You can imagine a toy model with ancient Greek mathematics and values—it starts believing in their kind order, and that sqrt(2) is rational, then suddenly learns that it isn’t. You could watch how this belief cascaded through the entire system if consistency was something it desired etc.
It’s hard to make a toy model of something that requires the AI following an extended roughly-graduate-level argument drawing on a wide variety of different fields. I’m optimistic that this may become possible at around the GPT-5 level, but that’s hardly a toy model.
I’m reasonably sure that Greek philosophy, for example, is not stable under reflection: a lot of their ideas about the abstract perfection of numbers vs. material imperfection go away once you understand entropy, the law of large numbers, statistical mechanics, and chaos theory, for example. (FWIW, I thought about this topic way too much a while back when I was a player in a time-travel RPG campaign where I played an extremely smart Hellenistic Neo-Platonist philosopher who had then been comprehensively exposed to modern science and ideas — his belief system started cracking and mutating under the strain, it was fun to play.)

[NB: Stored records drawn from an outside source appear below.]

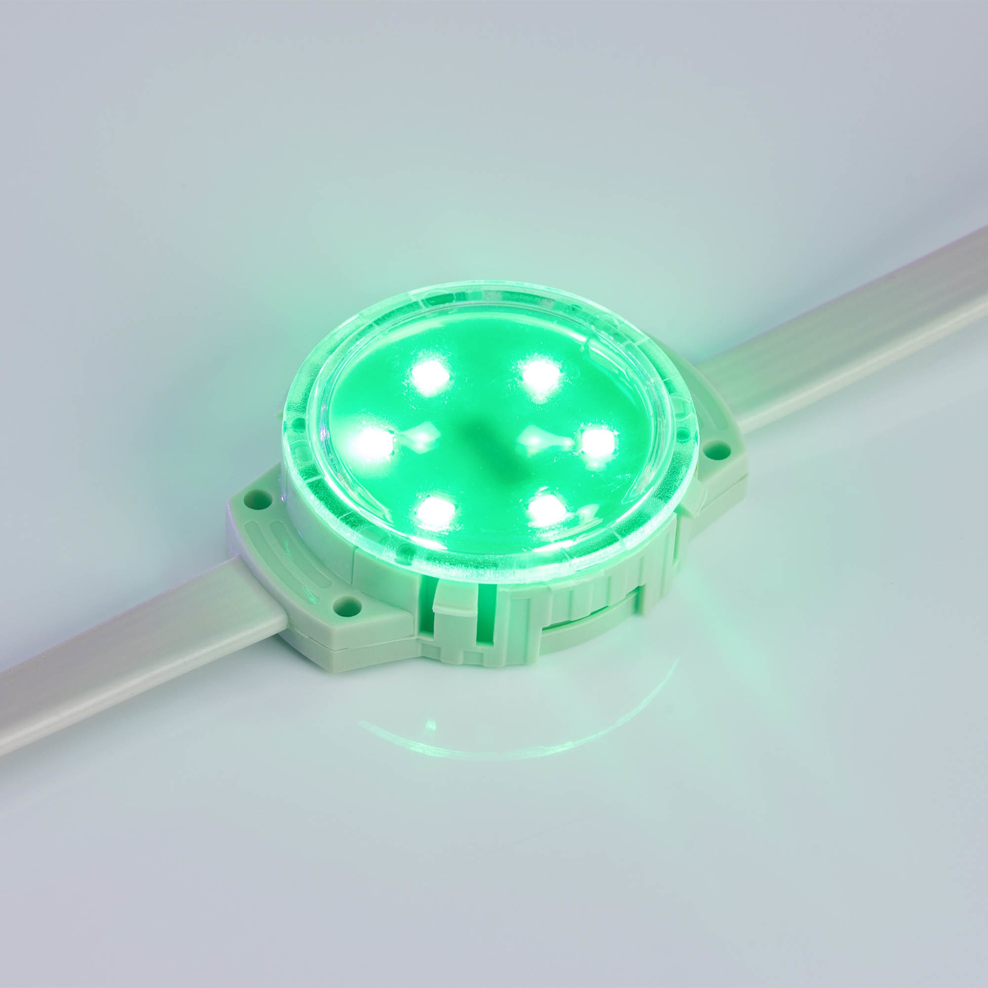 Характеристики - Модуль управляемый SOLEX-DMX-3535-6-24V RGB 120deg (D40x16mm, 1.5W, IP67) (Arlight, Пластик, 3 года)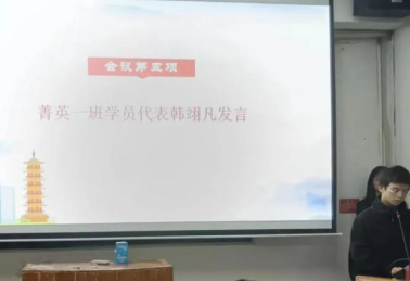 班主任代表黄薇发言。她对全体学员提出三点希望,第一,希望大家做一个“先行者”;第二,希望大家做一个“引领者”;第三,希望大家做一个“践行者”。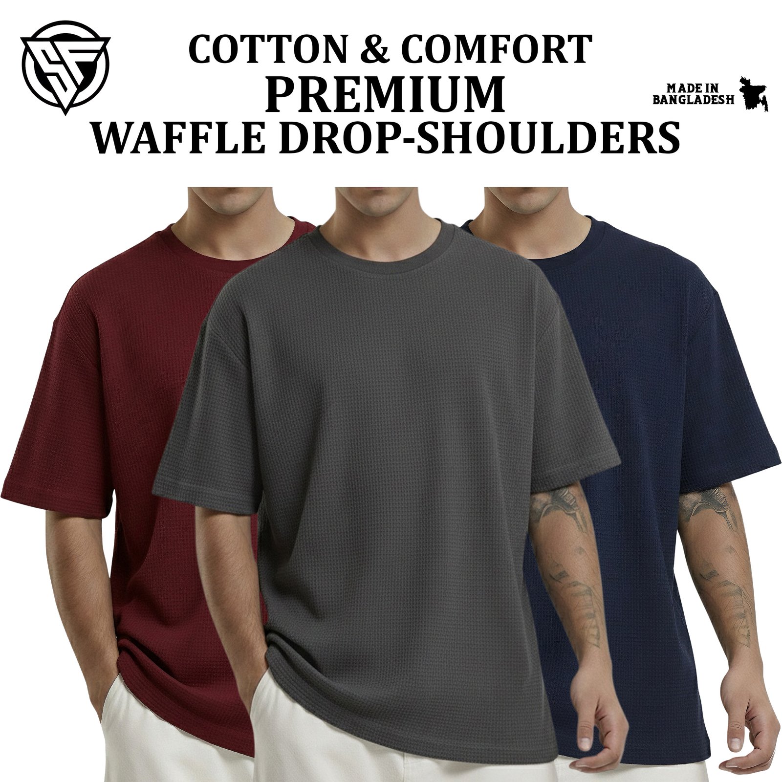 Premium Waffle Drop Shoulder Maroon-Charcoal-Navy Blue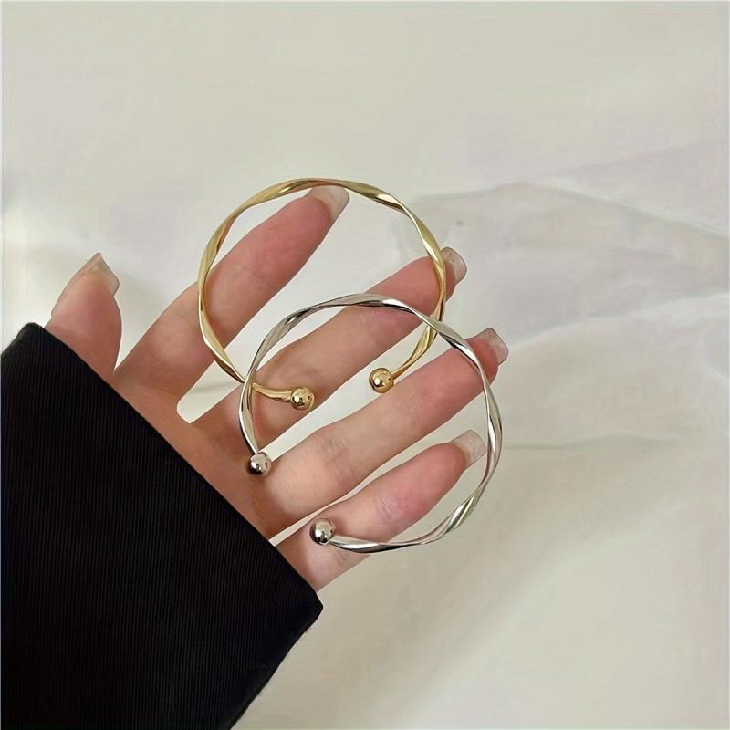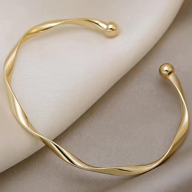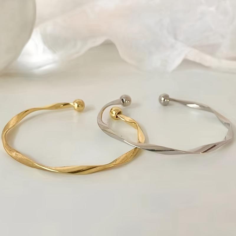 A sleek and modern women's bangle featuring a minimalist twisted design. This adjustable bangle is perfect for everyday wear and can easily complement any outfit.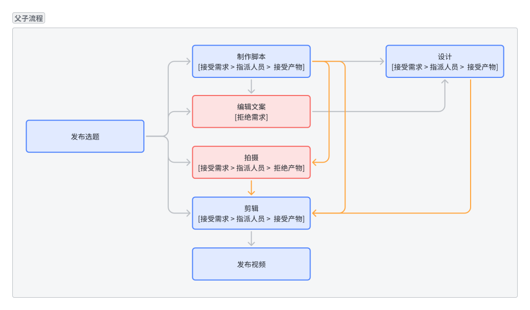当你得意地拿着这个流程给各个岗位分享的时候,设计师刚看完就面露愁容,设计师认为,这样流程的确是足够灵活了,但是如果一个内容需要脚本和文案,但是设计只需要拿到脚本就可以先设计,等到文案做完了,再把文案放到设计图上去就可以,但是目前的流程,得等脚本做完给文案,文案做完给设计才能开展工作,很耽误事。

Almost certainly our current philosophy/ethics also includes some unexamined issues. I think as a society we’re may be finally getting close to catching up with the philosophical and moral consequences of understanding Darwinian evolution, and that took us well over century (and as I discuss at length in my sequence AI, Alignment, and Ethics, I don’t think we’ve though much at all about the relationship between evolution and artificial intelligence, which is actually pretty profound: AI is the first intelligence that Darwinian evolution doesn’t apply to). A lot of the remaining fuzziness and agreements-to-disagree in modern philosophy is around topics like minds, consciousness, qualia and ethics (basically the remaining bits of Philosophy that Science hasn’t yet intruded on): as we start building artificial minds and arguing about whether they’re conscious, and make advances in understanding how our own minds work, we may gradually get a a lot more clarity on that — though likely the consequences will presumably again take a generation or two to sink in, unless ASI assistance is involved.
OK thanks, will look some more at your sequence. Note I brought up Greek philosophy as obviously not being stable under reflection with the proof of sqrt(2) being irrational as a simple example, not sure why you are only reasonably sure its not.
Sorry, that’s an example of British understatement. I agree, it plainly isn’t.